Acquired Brain Injury Overview

Acquired Brain Injury is a general term that refers to external or internal damage to the brain after birth. It includes traumatic brain injuries that have resulted from external physical forces, like falls or motor vehicle accidents, as well as internal injuries to the brain induced by strokes, infections, tumors, or oxygen deprivation. According to the Brain Injury Association of America, injuries to the brain that are present at birth or progressive in nature, like Alzheimer’s or Parkinson's disease, typically do not fall into this category.

Though not always visible and sometimes seemingly minor, brain injury is complex.
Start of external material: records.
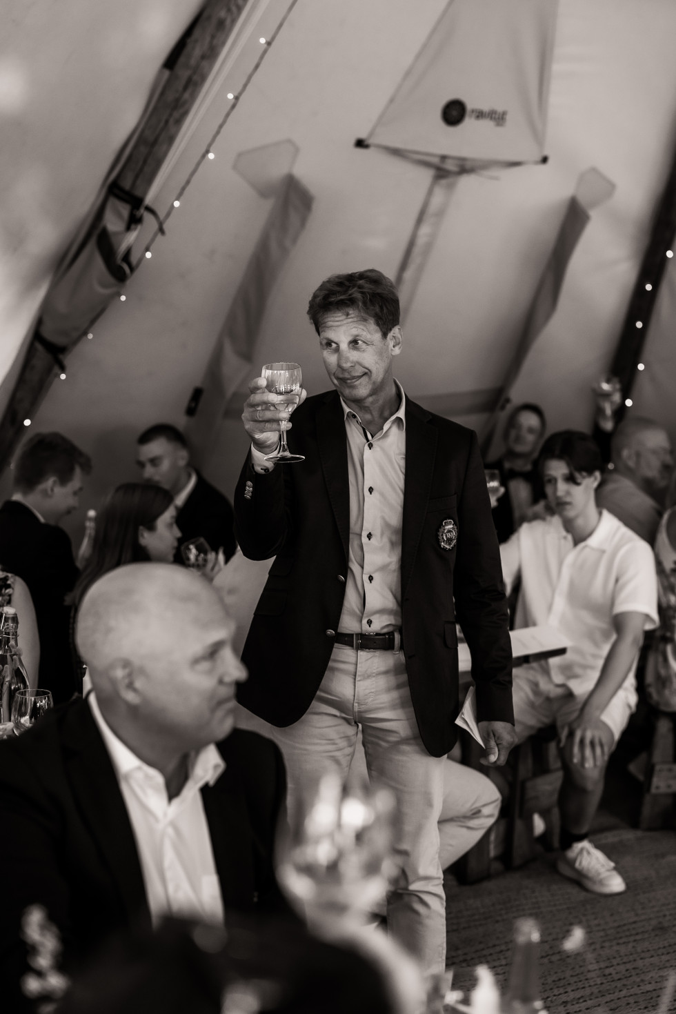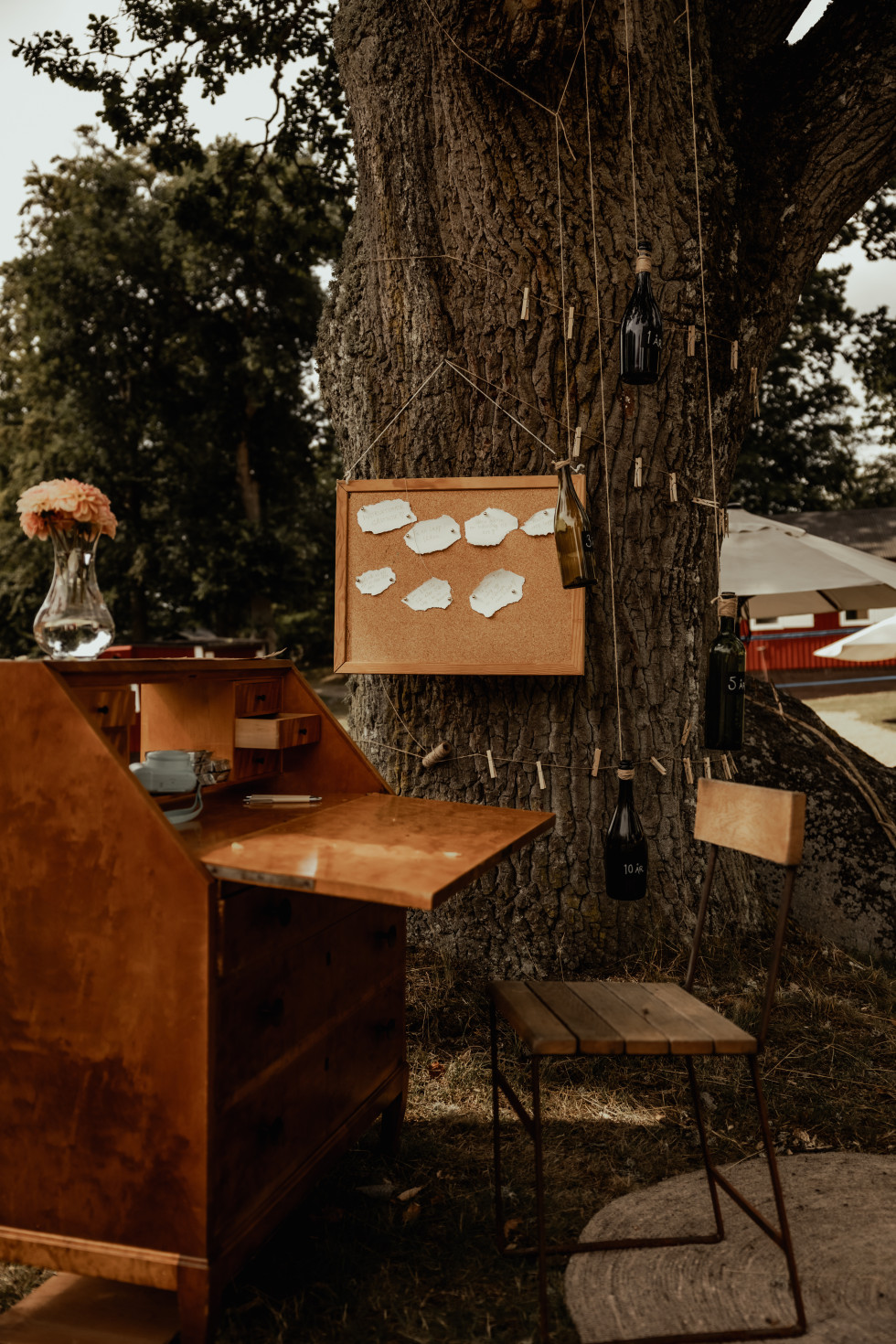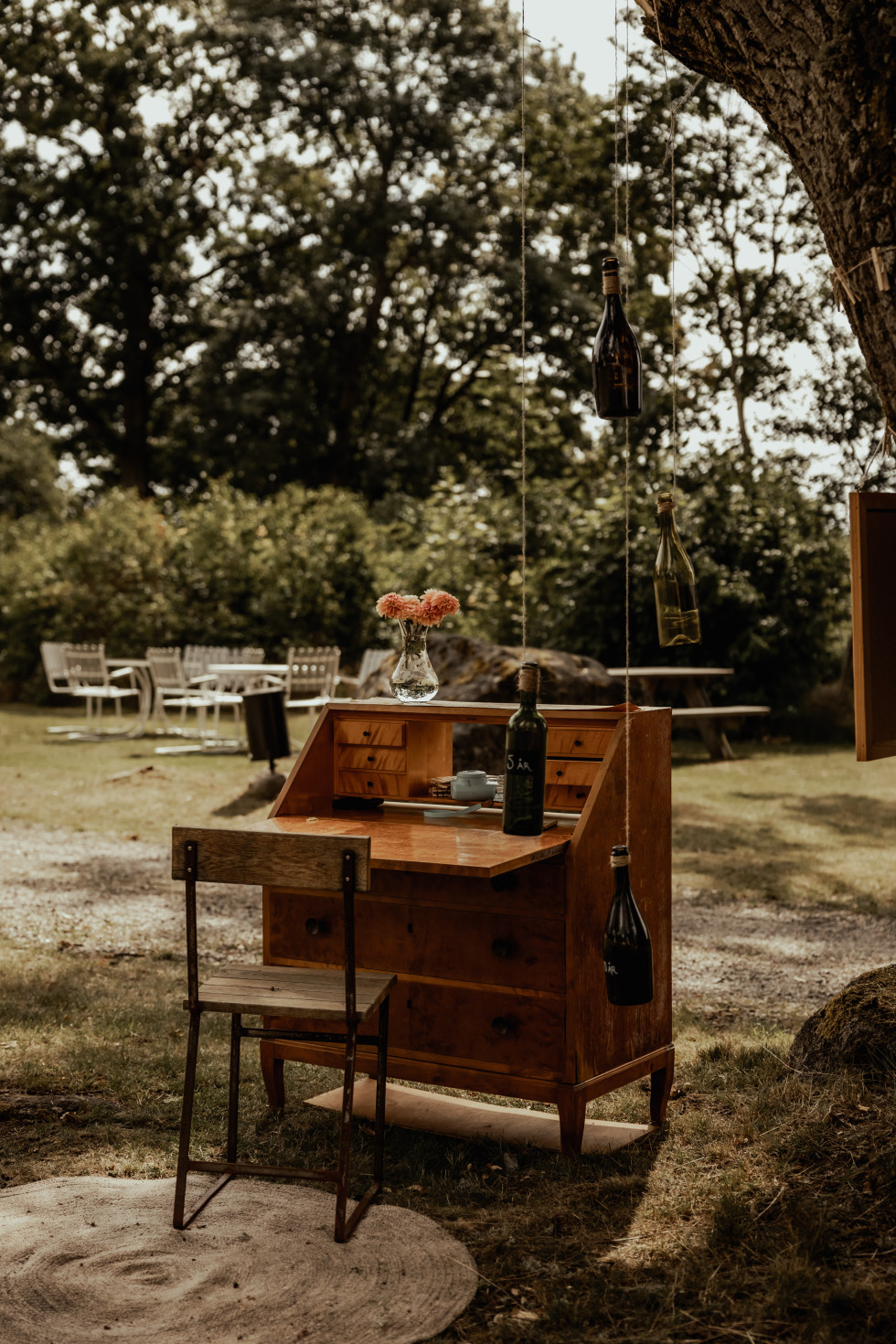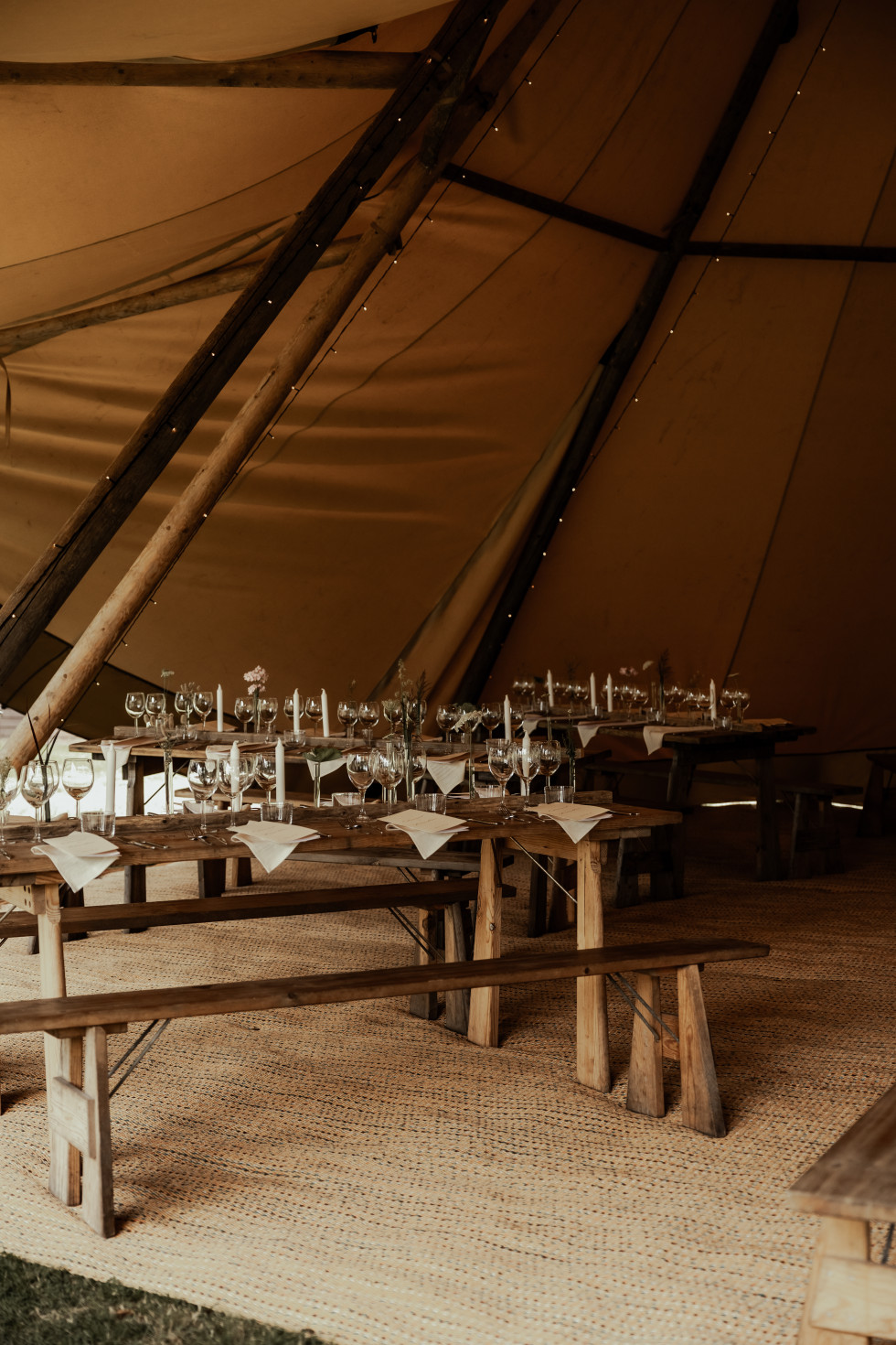 Festen var dock inte lika självklar var den skulle hållas, eftersom lokalens kapacitet var max 60 personer och vi hade bjudit cirka 80 gäster. Vi letade efter utomhusalternativ och fastnade för ett Tentipi-tält, som rymmer mellan 72 och 130 personer beroende på hur det sätts upp. Vi byggde även en ”naken-tentipi” – ett tält utan tyg – som blev en härlig lounge med rottingmöbler och en gammal lampskärm med fransar. Detta skapade precis den bohemiska och mysiga känsla vi ville ha.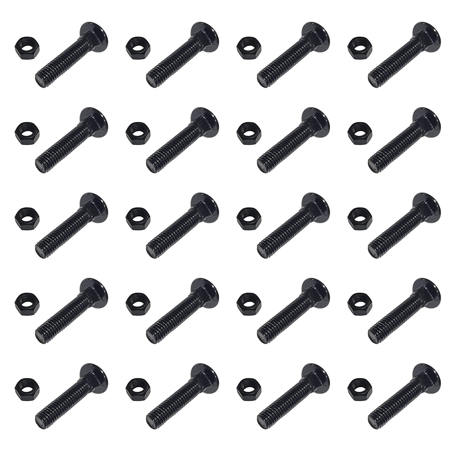 8 x 35 mm Long Carriage Bolt Set w/Hex Nut for Chain Link Fence Accessories - Black (20 Pack)
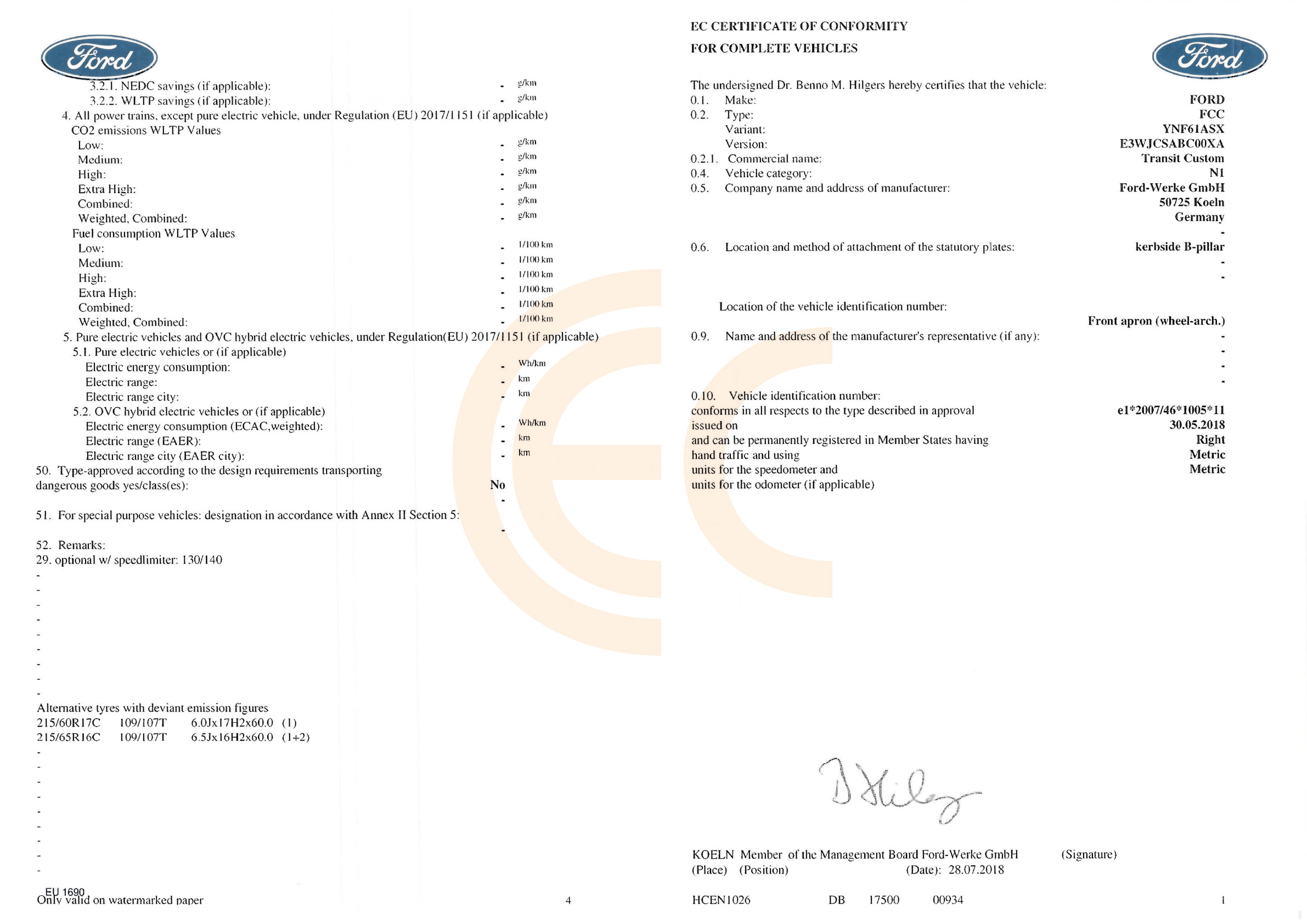 Get your official, authentic FORD Certificate of Conformity (COC), recognized across all EU countries. This document proves your vehicle meets EU regulations and is required for registration or import in most European states. Issued by FORD accepted by all authorities.

It can cause physical, cognitive, social, or vocational changes that affect an individual for a short period of time or permanently. Some common symptoms resulting from a brain injury are seizures, loss of balance or coordination, difficulty with speech, limited attention and concentration, loss of memory, and loss of organizational and reasoning skills. Symptoms vary widely, depending on the extent and location of the injury, and recovery from a brain injury can be inconsistent.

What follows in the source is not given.